(Exercise details): Pictures aside, output each record exactly.
↓
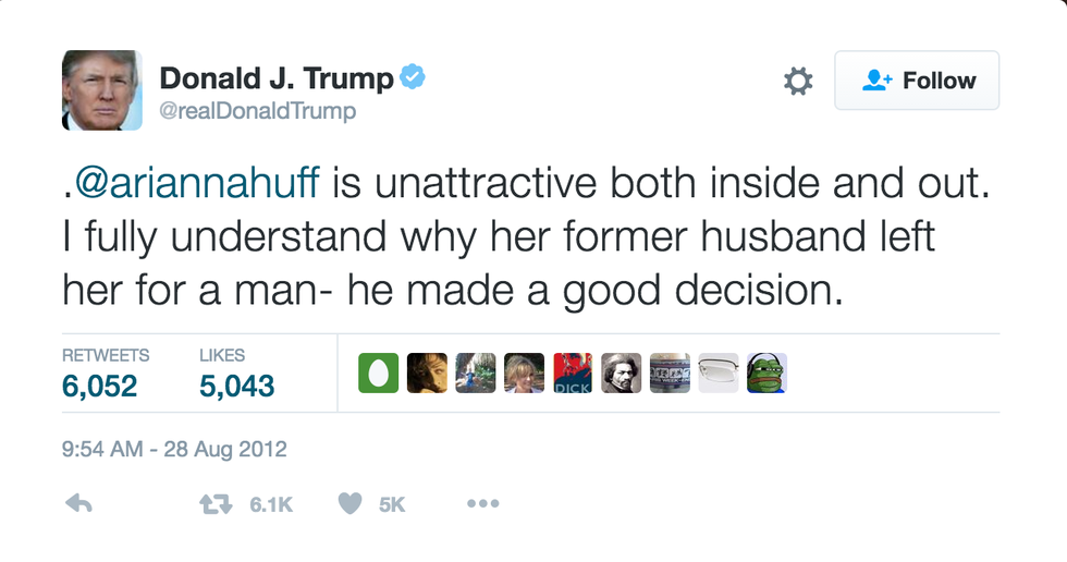 In the heat of probably the most interesting election in history, we are faced with two controversial candidates. However, it is blatantly clear that one is unfit for the Presidency and I'm sure you can guess who that is. Yes, Mr. Donald Trump. From his racism and bigotry to the fact that he has no prior experience as a politician one must wonder why half the country seems to think he would be a good fit for President. What is even more shocking is his unfiltered opinion on women. Here are some horrific examples...
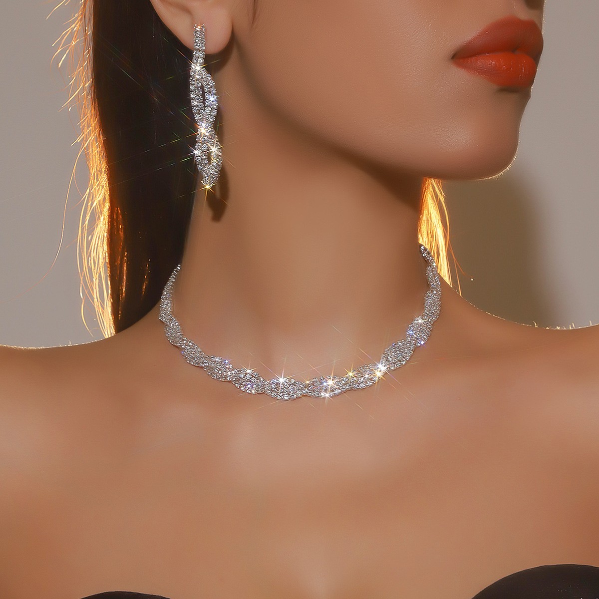 Gioielli Brass Set, orecchino & Collana, ottone, gioielli di moda & per la donna & con strass, Venduto da set
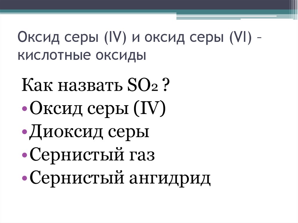 Оксид серы (IV) и оксид серы (VI) –кислотные оксиды
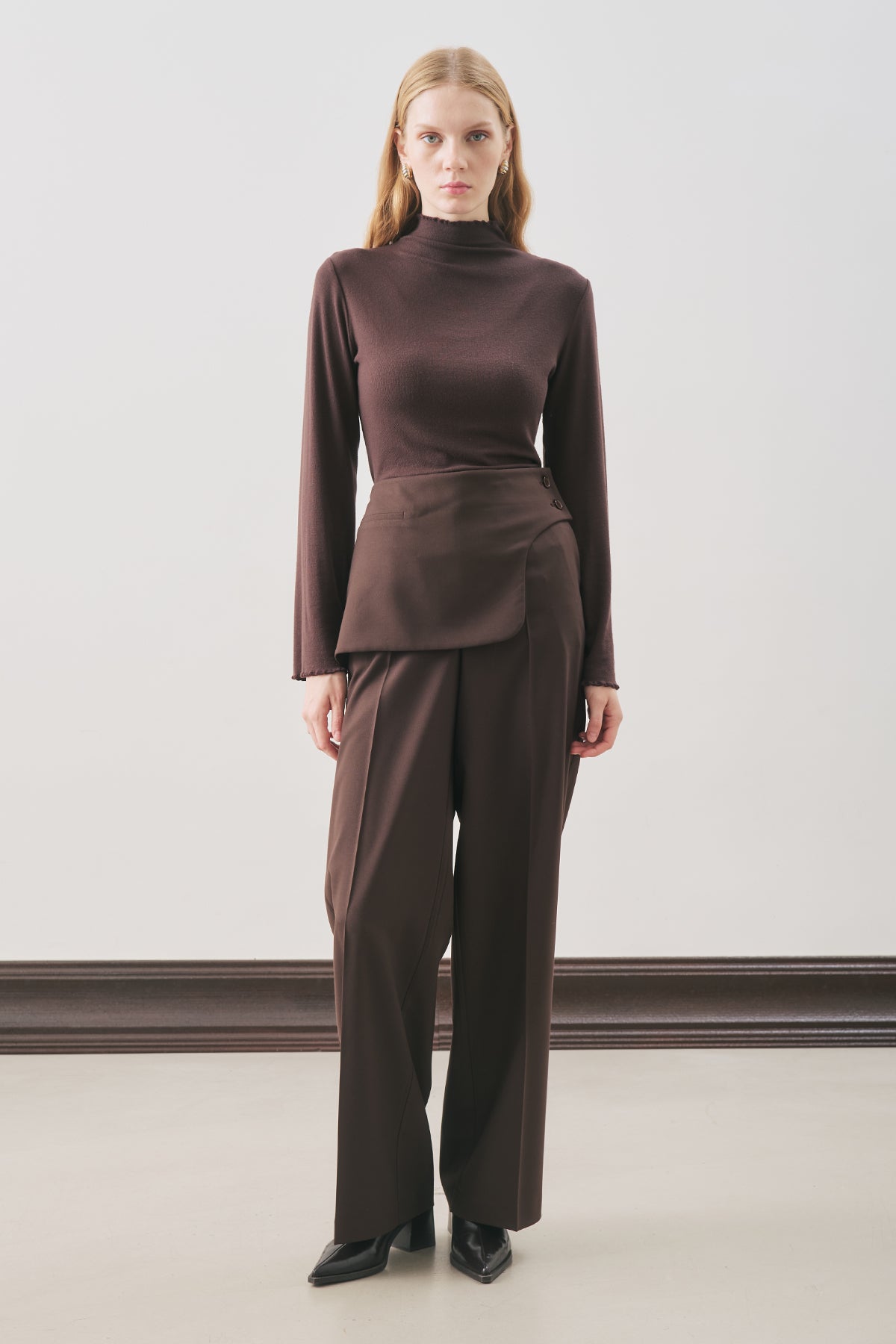 Normal kalıp,yüksek bel,kemer detaylı,pileli,tam boy,fermuarlı,düğmeli.
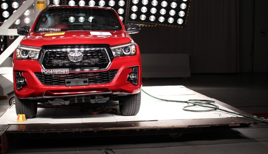 Las pruebas de choque impacto frontal y lateral de Hilux fueron realizadas en 2015, bajo el protocolo anterior, alcanzando las cinco estrellas para protección ocupante adulto e infantil.
↑
(Written solution):
 In the heat of probably the most interesting election in history, we are faced with two controversial candidates. However, it is blatantly clear that one is unfit for the Presidency and I'm sure you can guess who that is. Yes, Mr. Donald Trump. From his racism and bigotry to the fact that he has no prior experience as a politician one must wonder why half the country seems to think he would be a good fit for President. What is even more shocking is his unfiltered opinion on women. Here are some horrific examples...
 Gioielli Brass Set, orecchino & Collana, ottone, gioielli di moda & per la donna & con strass, Venduto da set
 Оксид серы (IV) и оксид серы (VI) –кислотные оксиды
 Normal kalıp,yüksek bel,kemer detaylı,pileli,tam boy,fermuarlı,düğmeli.
 Las pruebas de choque impacto frontal y lateral de Hilux fueron realizadas en 2015, bajo el protocolo anterior, alcanzando las cinco estrellas para protección ocupante adulto e infantil.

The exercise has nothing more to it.